About this exercise
From the entries that follow, reproduce exactly and only the lines from the line with "2024年セーターメンズ韓国" to the line with "梅龙实验幼儿园王园长、王助理", endpoints included.

Working data
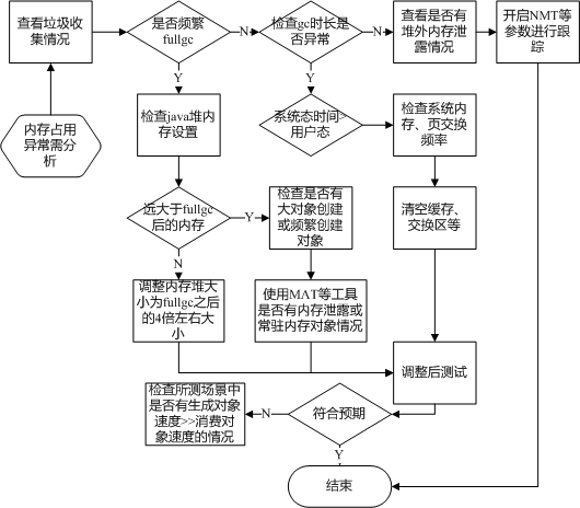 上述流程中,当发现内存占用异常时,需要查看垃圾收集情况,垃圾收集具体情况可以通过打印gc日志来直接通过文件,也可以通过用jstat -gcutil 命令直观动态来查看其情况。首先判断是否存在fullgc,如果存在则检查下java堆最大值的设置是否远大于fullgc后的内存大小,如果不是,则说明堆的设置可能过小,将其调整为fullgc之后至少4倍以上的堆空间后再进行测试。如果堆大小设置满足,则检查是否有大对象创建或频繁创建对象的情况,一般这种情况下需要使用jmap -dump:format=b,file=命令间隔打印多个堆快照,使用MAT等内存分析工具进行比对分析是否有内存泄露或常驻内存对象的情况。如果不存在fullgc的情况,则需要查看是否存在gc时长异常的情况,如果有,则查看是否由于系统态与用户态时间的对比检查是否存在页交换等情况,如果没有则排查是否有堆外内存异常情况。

---

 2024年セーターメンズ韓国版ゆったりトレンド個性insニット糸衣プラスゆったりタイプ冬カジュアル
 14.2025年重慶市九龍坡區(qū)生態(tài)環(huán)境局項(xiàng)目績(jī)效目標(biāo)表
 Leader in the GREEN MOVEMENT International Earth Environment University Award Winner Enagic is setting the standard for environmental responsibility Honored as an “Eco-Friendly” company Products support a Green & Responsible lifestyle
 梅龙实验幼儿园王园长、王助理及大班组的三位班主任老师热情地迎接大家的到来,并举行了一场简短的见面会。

...

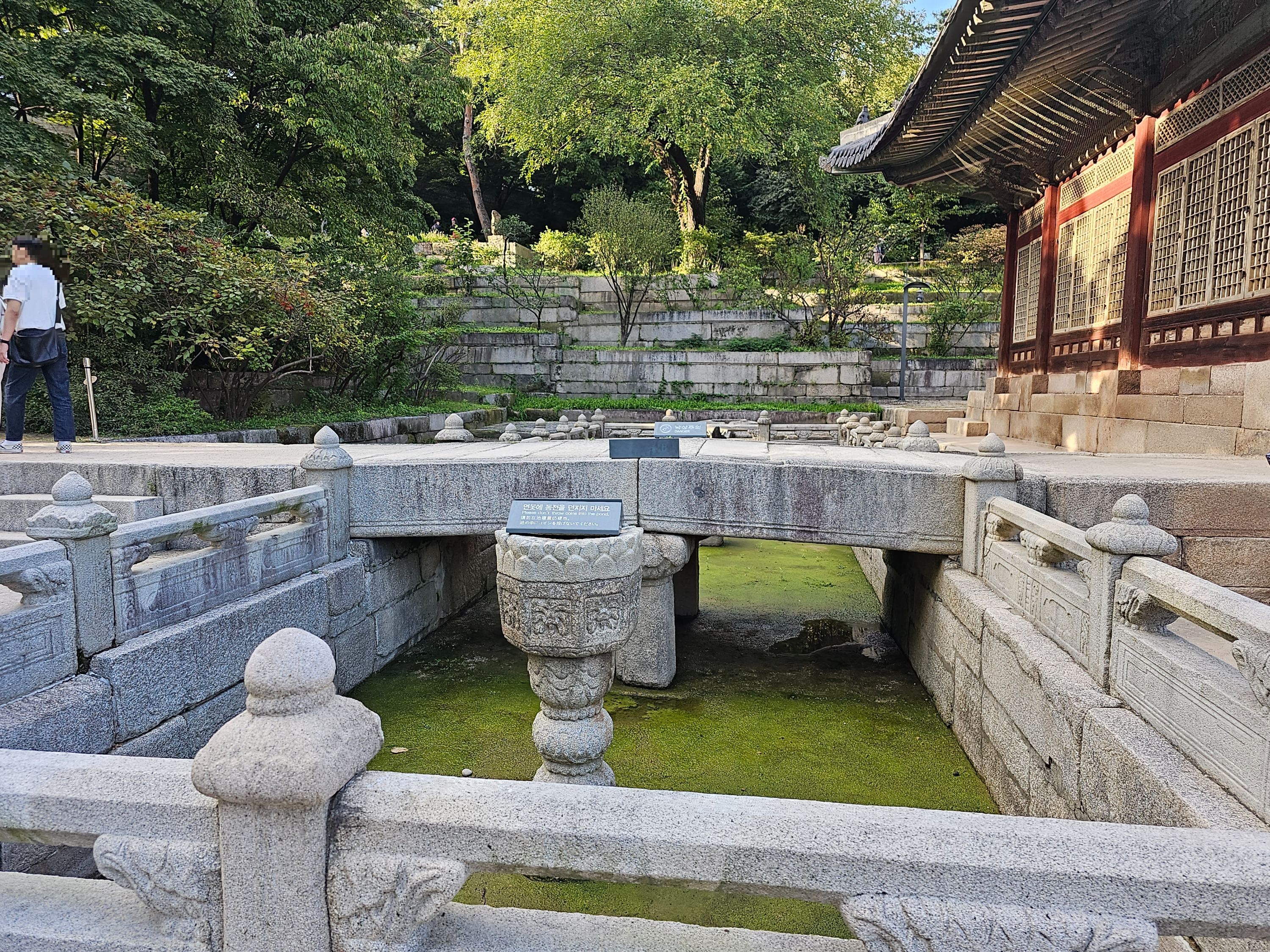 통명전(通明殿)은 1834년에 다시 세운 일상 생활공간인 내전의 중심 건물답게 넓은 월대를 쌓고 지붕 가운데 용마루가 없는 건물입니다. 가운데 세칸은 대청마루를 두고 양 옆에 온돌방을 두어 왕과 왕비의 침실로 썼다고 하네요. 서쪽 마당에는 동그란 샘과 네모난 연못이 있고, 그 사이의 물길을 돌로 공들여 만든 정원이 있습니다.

Solved problem
 2024年セーターメンズ韓国版ゆったりトレンド個性insニット糸衣プラスゆったりタイプ冬カジュアル
 14.2025年重慶市九龍坡區(qū)生態(tài)環(huán)境局項(xiàng)目績(jī)效目標(biāo)表
 Leader in the GREEN MOVEMENT International Earth Environment University Award Winner Enagic is setting the standard for environmental responsibility Honored as an “Eco-Friendly” company Products support a Green & Responsible lifestyle
 梅龙实验幼儿园王园长、王助理及大班组的三位班主任老师热情地迎接大家的到来,并举行了一场简短的见面会。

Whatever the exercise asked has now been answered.